REVISED LISTING RULES

The Market Authority, in conjunction with the Rules Committee of the CISX Board, has completed a review of the CISX Listing Rules. A number of amendments have been made which take account of practical matters which the Exchange have experienced since the Listing Rules were last amended on 31 March 2010.

This update highlights the key changes made to the Listing Rules and briefly summarises such changes. The revised Listing Rules came into effect on 1 March 2012. The CISX website (www.cisx.com) has been updated with the revised Listing Rules.

In short, the Listing Rules have been amended to:

  • make CISX listings of investment funds more accessible to unregulated closed-ended investment funds;
  • confirm the notice requirements in respect of general meetings;
  • provide clarity in relation to notification requirements for purchases, early redemption and cancellations of securities;
  • in respect of debt securities, delete reference to an exemption to report in the case of aggregated transactions of more than 5 per cent and to reflect the requirement to notify the Exchange of any changes in the composition of the board of directors of an issuer; and
  • publish guidance notes in respect of: (i) capitalisation issues; (ii) results of AGM; (iii) draft documents; (iv) dividend notifications and announcements; and (v) valuation reports for property funds.  

The CISX Listing Rules can be found at the hyperlink below where they are available in PDF format: http://www.cisx.com/cisx/documents/rules/Listing_Rules_March_2012.pdf

Impact

Broadly speaking, the key revisions are focussed on listings of securities under Chapter VI (Equities, Non- Investment Funds), Chapter VII (Investment Funds) and Chapter VIII (Specialist Category of Securities) of the Listing Rules. The impact of the rule changes for Chapter VI, Chapter VII and Chapter VIII issuers is summarised in the Schedule of Amendments below.

Schedule of Amendments

The following is a brief summary of the key revisions made to the Listing Rules:

Unregulated Funds - Investment Funds

Generally, the CISX Listing Rules within Chapter VII are designed primarily with regulated funds in mind (Guernsey or Jersey approved or authorised funds).

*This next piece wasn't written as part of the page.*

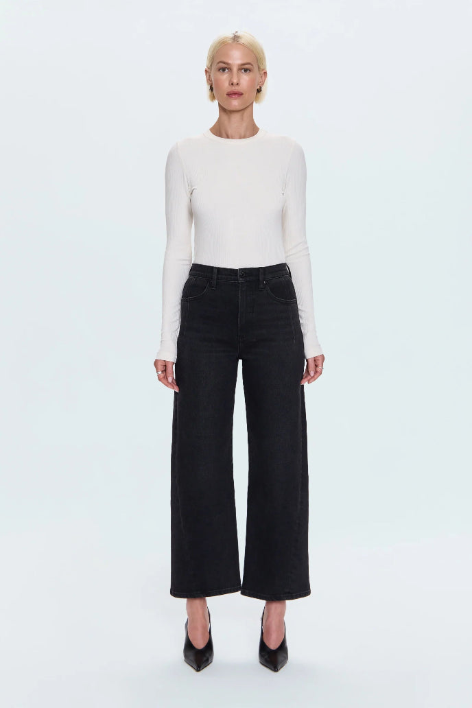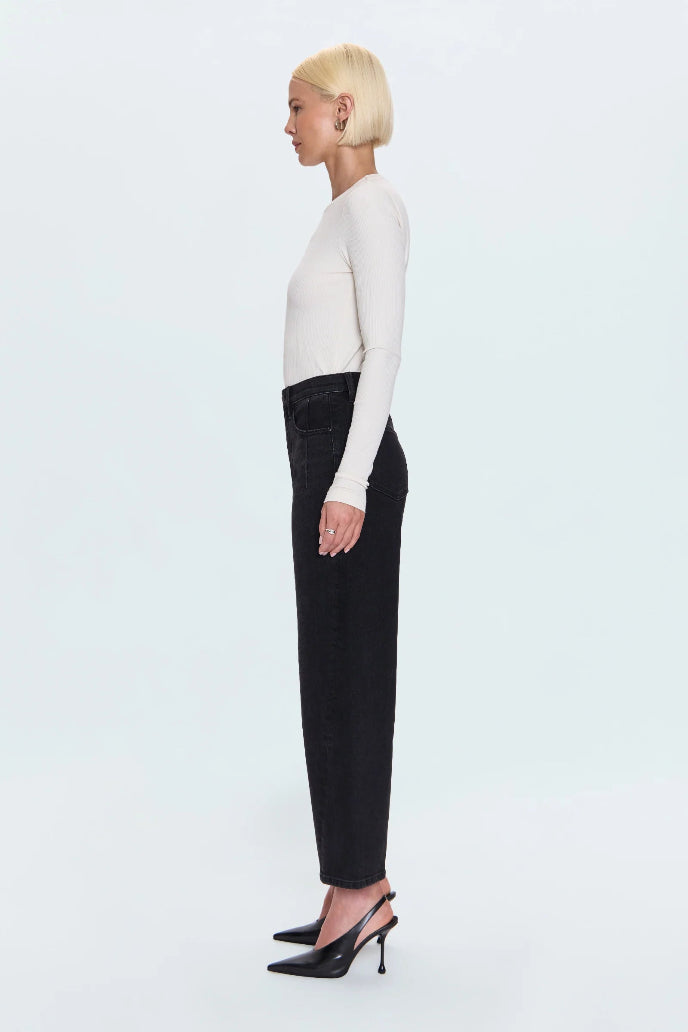 A new must-have jean, Kyra features a high rise, signature bowed leg, and cropped 28" inseam for a fresh, sculpted shape. The forward-twisted seam and refined back yoke add subtle dimension and structure. Crafted from comfort stretch denim in Jetset, a sleek black wash with timeless versatility.

To be eligible for listing as an investment fund, a fund must be an authorised fund; or be duly incorporated or otherwise validly established and regulated in a jurisdiction recognised for the purpose by the Exchange; or be otherwise acceptable to the Exchange (Rule 7.3.2(a)).  

An "authorised fund" is defined as an investment fund authorised or registered by the Guernsey Financial Services Commission under The Protection of Investors (Bailiwick of Guernsey) Law, 1987 (as amended); or recognised or certified by the Jersey Financial Services Commission under the Collective Investment Funds (Jersey) Law 1988 (as amended).  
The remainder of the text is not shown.